(251b) Methodology for Technology Selection in RTO Systems | AIChE

(251b) Methodology for Technology Selection in RTO Systems


Chachuat, B. - Presenter, McMaster University
Rodger, E. - Presenter, McMaster University

Optimization in the process industry represents a natural choice for reducing production costs, improving product quality, and meeting safety requirements and environmental regulations. But when the optimal operating conditions are determined based on a process model, the resulting process operation can be highly sensitive to model uncertainty and process disturbances, which can lead to suboptimal or even infeasible operation. A natural approach to combat uncertainty and avoid conservatism is to incorporate measurements in the optimization framework.

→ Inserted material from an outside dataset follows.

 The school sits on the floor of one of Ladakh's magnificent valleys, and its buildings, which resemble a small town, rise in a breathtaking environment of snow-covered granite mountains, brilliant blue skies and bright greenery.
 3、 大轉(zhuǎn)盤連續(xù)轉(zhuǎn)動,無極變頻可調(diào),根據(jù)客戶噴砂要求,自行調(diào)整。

Traditionally, the optimization is based on a first-principles model that is updated in real-time using the available measurements [1]. These two-step RTO systems are well-accepted by industrial practitioners, yet the requirements to ensure no offset from the actual plant optimum are virtually impossible to meet, due to the lack of integration between the model-update and optimization steps. In response to this, the modifier-adaptation methodology has been developed recently [2]. Similar to two-step RTO, the available process model is embedded within a nonlinear program (NLP) that is solved at each RTO execution, but the process measurements are now used to update so-called modifiers that are added to the cost and/or constraint functions in the optimization model (rather than the process model itself). This methodology greatly alleviates the requirements for having no offset from the actual plant optimum, yet it comes at the cost of estimating the gradient of the plant outputs from process measurements; this typically makes modifier-adaptation RTO systems more sensitive to noise than their two-step analogs.

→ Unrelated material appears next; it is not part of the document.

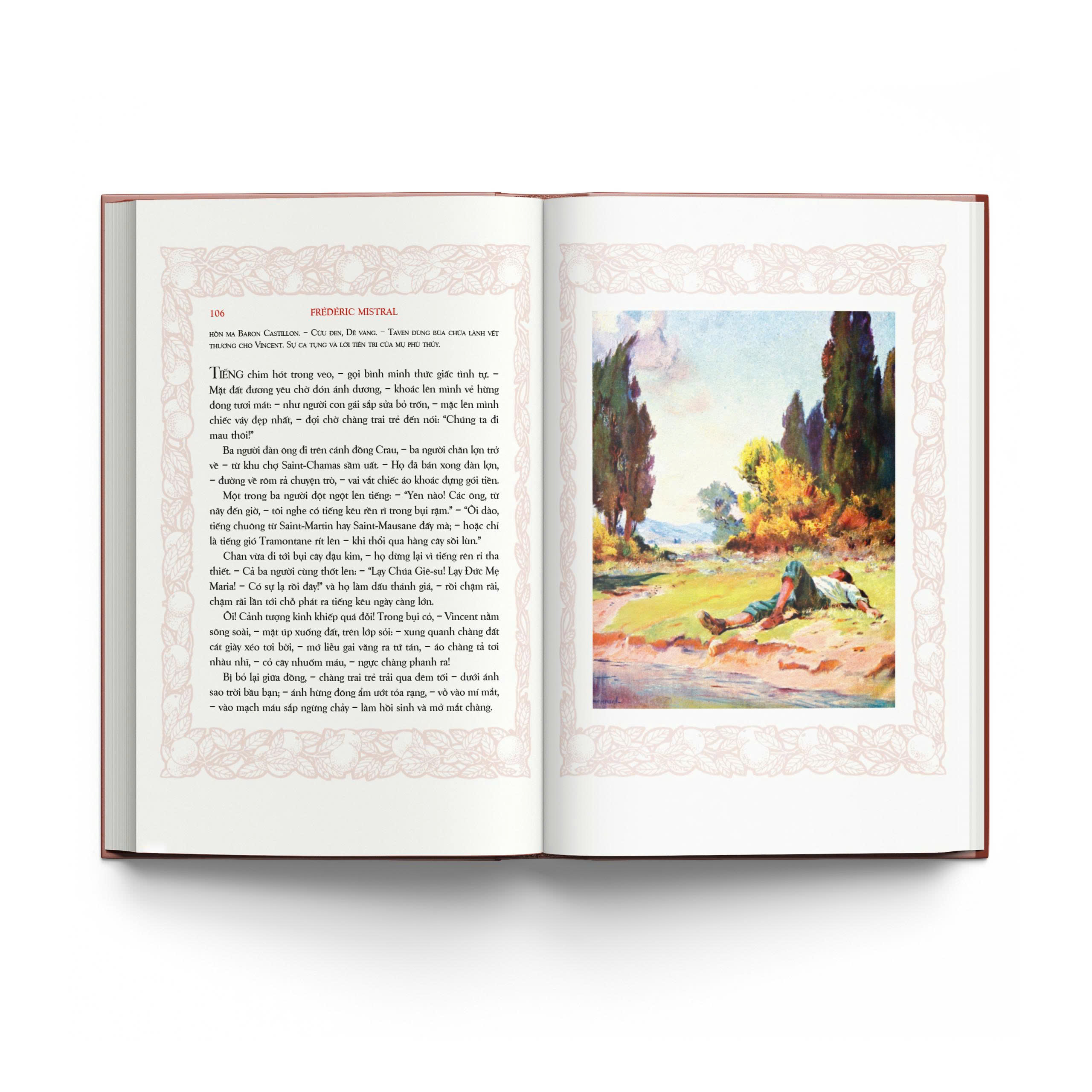 Nhà thơ Mistral đã dày công phác họa cả một bức tranh khung cảnh Provence trù phú làm phông nền cho câu chuyện diễm tình của đôi trẻ Mireille – Vincent. Những nông trang lúa mì rộng lớn vang vang tiếng liềm tiếng hái vào mùa thu hoạch. Những đêm khuya thanh vắng, sương đọng trên lá, ánh trăng soi tỏ một miền. Những mục đồng nằm nghỉ dưới gốc cây sồi bên cạnh đàn cừu cái trầm ngâm tư lự. Những loài cây cỏ thân thuộc của xứ sở Provence, nào bạch dương, nào sếu, nào đậu kim, thiên thảo. Tất cả cảnh vật đều được mô tả sống động như thực.

In this presentation, an algorithm that combines modifier adaptation RTO with a gradient-update scheme based on Broyden's method is first presented. The convergence properties of this algorithm are analyzed as well as its sensitivity with respect to measurement noise. Because inaccurate/noisy gradient estimates can cause offset and/or large variations from the plant optimum, thereby counteracting the benefits of modifier adaptation, a novel methodology that combines model- and modifier-adaptation strategies is introduced next. In this approach, the available measurements are used to update a mixed subset of model parameters and modifiers, which are selected so as to minimize the lost profit due to offset and variance of the RTO system predictions [3]. These developments are illustrated via numerical simulation for a selection of benchmark problems.

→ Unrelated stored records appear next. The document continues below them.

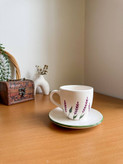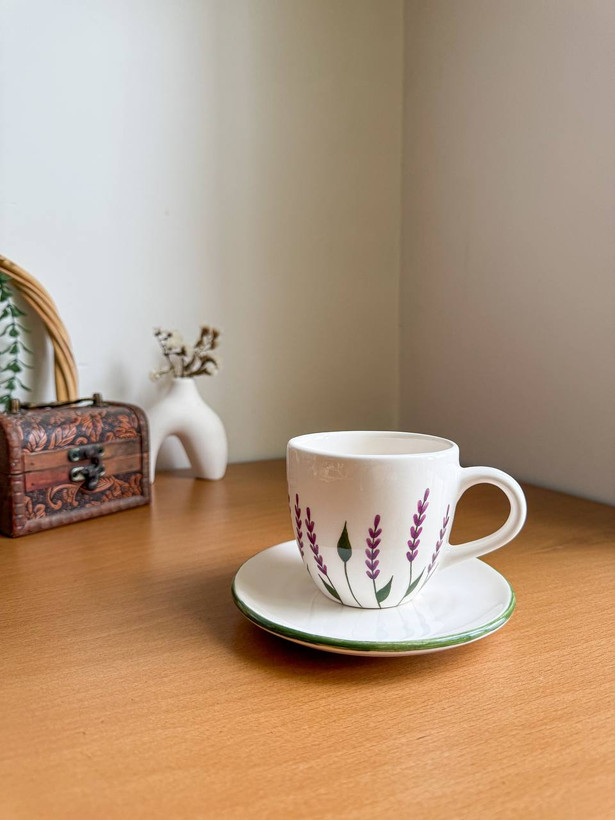 این محصول فنجان سرامیکی با طرح گل بنفشه است که نقاشی آن کاملا با دست کشیده شده است.
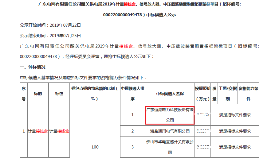 熱烈祝賀我司在廣東電網(wǎng)有限責(zé)任公司韶關(guān)供電局2019年計(jì)量接線盒、信號(hào)放大器、中壓載波裝置購(gòu)置招框架標(biāo)項(xiàng)目中標(biāo)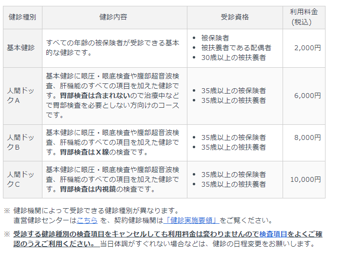 2024.04.03:ざっくり30歳未満は基本健診、30歳以上は 人間ドック(A、B、C) と誤った情報を載せていましたが、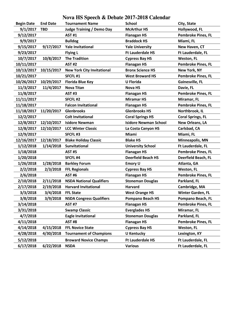 Nova HS Speech & Debate 20172018 Calendar Begin Date 9/1/2017 9/12/2017 9/9/2017 9/15/2017 9/23/2017 10/7/2017 10/11/2017 10/13/2017 10/21/2017 10/26/2017 11/3/2017 11/8/2017 11/11/2017 11/18/2017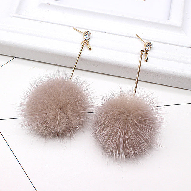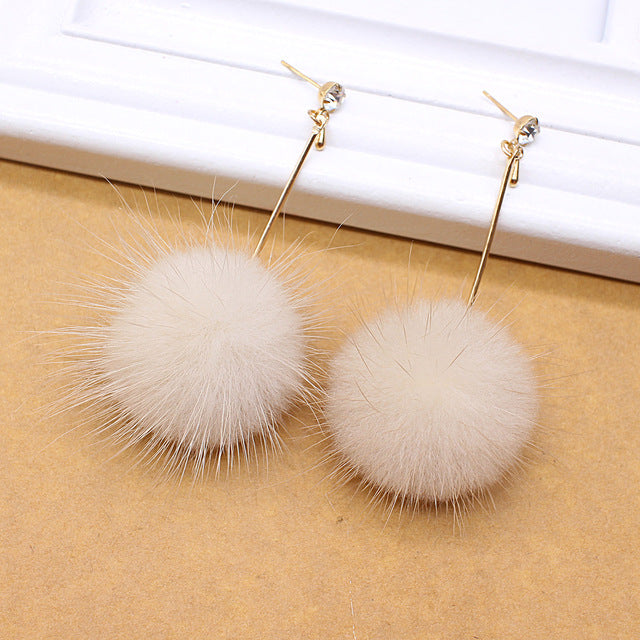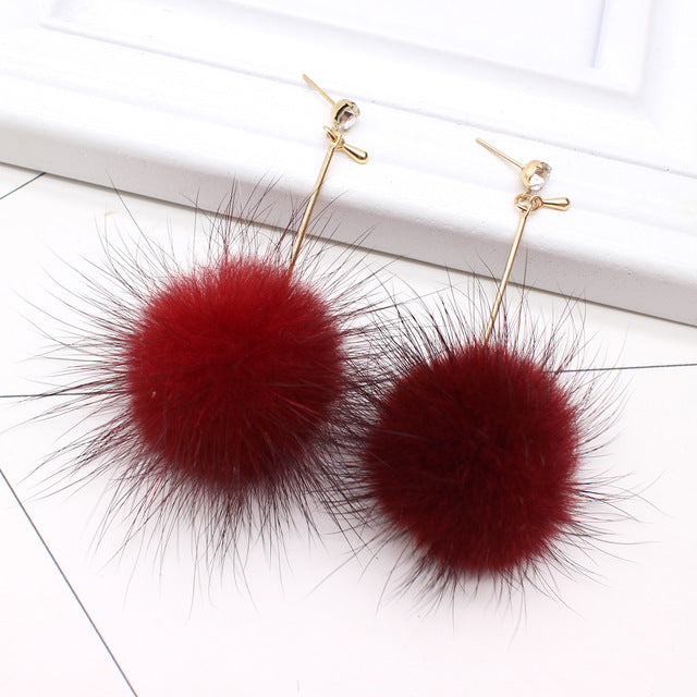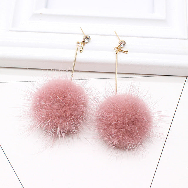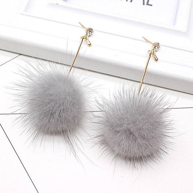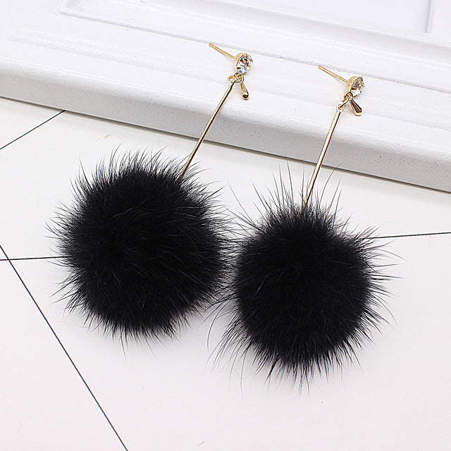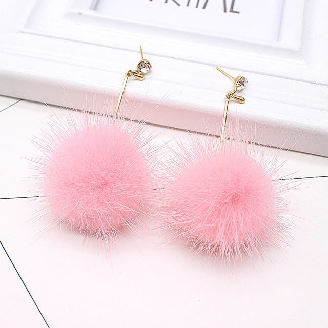 Unique Soft Pom Pom Ear Dangle Crystal Earring Jewelry Cute Gift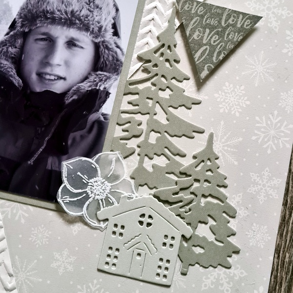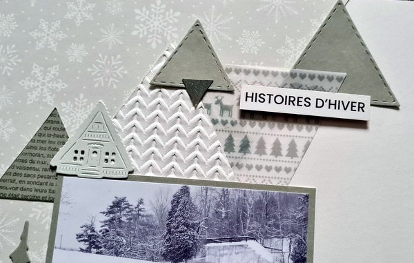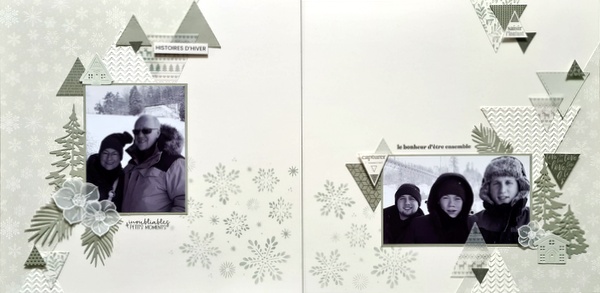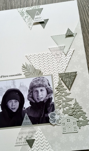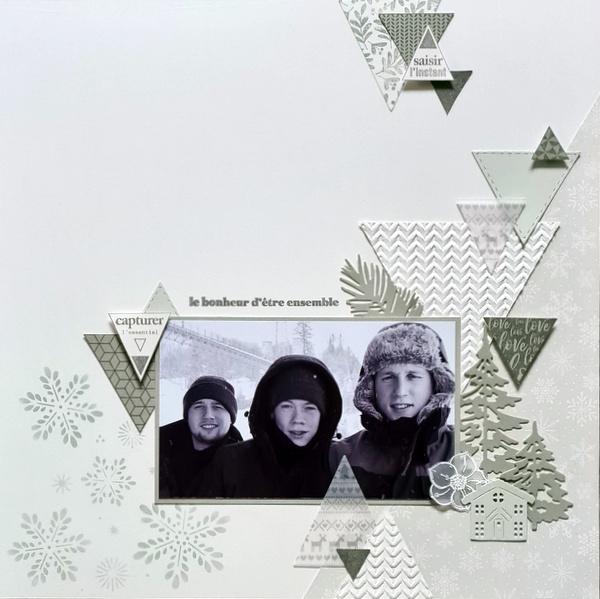 J’avais envie de jouer avec des formes géométriques sur une page tout en douceur, alors j’ai opté pour un joli papier de la collection Florilèges Design Histoires d’hiver, et un papier uni duo Verveine assorti.

[1] Marlin T. E. and Hrymak A. N., "Real-time operations optimization of continuous process," AIChE Symp. Ser.316:156-164, 1997

[2] Marchetti, A., Chachuat, B., and Bonvin, D., "Modifier-adaptation methodology for real-time optimization," Ind. & Eng. Chem. Res. (in press, DOI:10.1021/ie801352x), 2009

[3] Forbes, J. F., and Marlin, T. E., "Design cost: A systematic approach to technology selection for model-based real-time optimization systems," Comp. & Chem. Eng.20(6/7):717-734, 1996.